The following object is masked from 'package:highcharter':

    stars
# Load data manipulation library

library(dplyr)
# Filter for specific regions and states
murders_filtered <- murders %>%
  filter(state %in% c("Texas", "California", "New York", "Missouri"),
         region %in% c("South", "West", "Northeast","North Central"))

# Interactive Scatterplot
highchart() %>%
  
  # Add data series for each region/state, each follow similar format
  hc_add_series(data = filter(murders_filtered, region == "South"),
                type = "scatter",
                hcaes(x = population, y = total, group = state),
                name = "South: Texas",
                color = c("Black", "Green", "Red")[1],
                # shape for data plot
                marker = list(symbol = "circle", radius = 5)) %>%
  hc_add_series(data = filter(murders_filtered, region == "West"),
                type = "scatter",
                hcaes(x = population, y = total, group = state),
                name = "West: California",
                color = c("Black", "Green", "Red")[2],
                
                marker = list(symbol = "circle", radius = 5)) %>%
  hc_add_series(data = filter(murders_filtered, region == "Northeast"),
                type = "scatter",
                hcaes(x = population, y = total, group = state),
                name = "Northeast: New York",
                color = c("Black", "Green", "Red")[3],  
                marker = list(symbol = "circle", radius = 5)) %>%
  hc_add_series(data = filter(murders_filtered, region == "North Central"),
                type = "scatter",
                hcaes(x = population, y = total, group = state),
                name = "North Central: Missouri",
                color = "Purple",  
                marker = list(symbol = "circle", radius = 5)) %>%
  # Change X axis scale to count by intervals of 5 M
  hc_xAxis(title = list(text = "Population"), tickInterval = 5000000) %>%
  hc_yAxis(title = list(text = "Total Murders")) %>%
  hc_legend(layout = "vertical", align = "right", verticalAlign = "middle") %>%
  hc_title(text = "Largest Total Murders and Population Count by Region and State")
I chose to use the murders.csv data set for this assignment.

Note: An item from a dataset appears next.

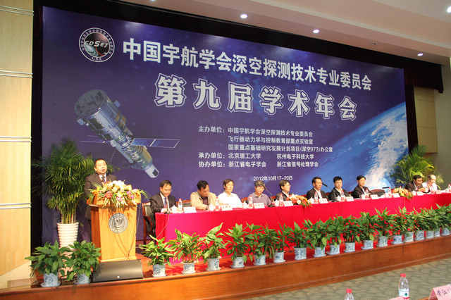 10月17日~20日,由中国宇航学会深空探测技术专业委员会、飞行器动力学与控制教育部重点实验室和国家重点基础研究发展计划项目(深空973)办公室联合主办,金年会jinnianhuicom、杭州电子科技大学承办的中国宇航学会深空探测技术专业委员会第九届学术年会在杭州召开,国家国防科技工业局科技委主任、专业委员会名誉主任委员栾恩杰院士对会议的召开给予了关心和指导。中国宇航学会、探月与航天工程中心等对年会的召开给予了大力支持。国家国防科技工业局探月与航天工程中心总师、专业委员会主任委员吴伟仁,中国航天科技集团公司科技委副主任于登云,太原卫星发射中心总师于志坚,国防科工局探月与航天工程中心副总师裴照宇,金年会jinnianhuicom副校长杨树兴,杭州电子科技大学校长薛安克,哈尔滨工业大学副校长邓宗全,浙江省国防科工办主任王伟民,中科院上海天文台台长洪晓瑜,金年会jinnianhuicom科研院副部长马少鹏、宇航学院党委书记于倩等出席会议。
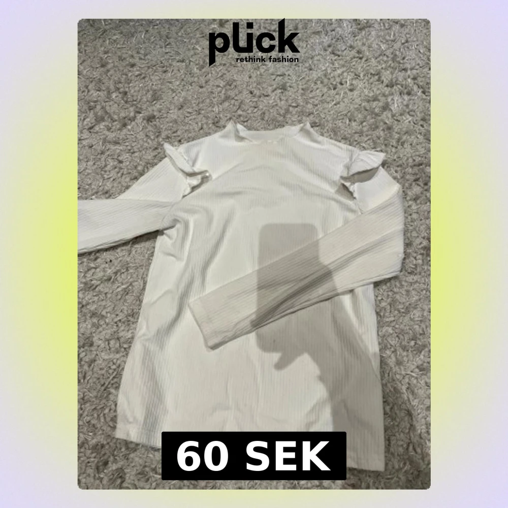 Säljer en vit långärmad tröja från Shein i storlek 11-12 år. Tröjan har ett diskret ribbat mönster och volangdetaljer vid axlarna som ger en söt touch. Passar dig som gillar stilrena och enkla plagg med lite extra detalj.

I wanted to focus on the data that was the largest and stood out from the rest. I hand picked the 4 states from each respective region with the highest population and total murder. I was surprised to see Michigan as the highest for North Central; I kind of had Illinois in mind but the data said otherwise. I used a high chart with a scatter plot format to organize my data visualization. I like how it came out because it’s interactive and allows users to see specific numbers associated with each region and state. While working on this current end product i thought about one of the visualizations we went over during class about deaths. In the future I wish to add more weight to an assignment like this especially when the topic is sensitive like this.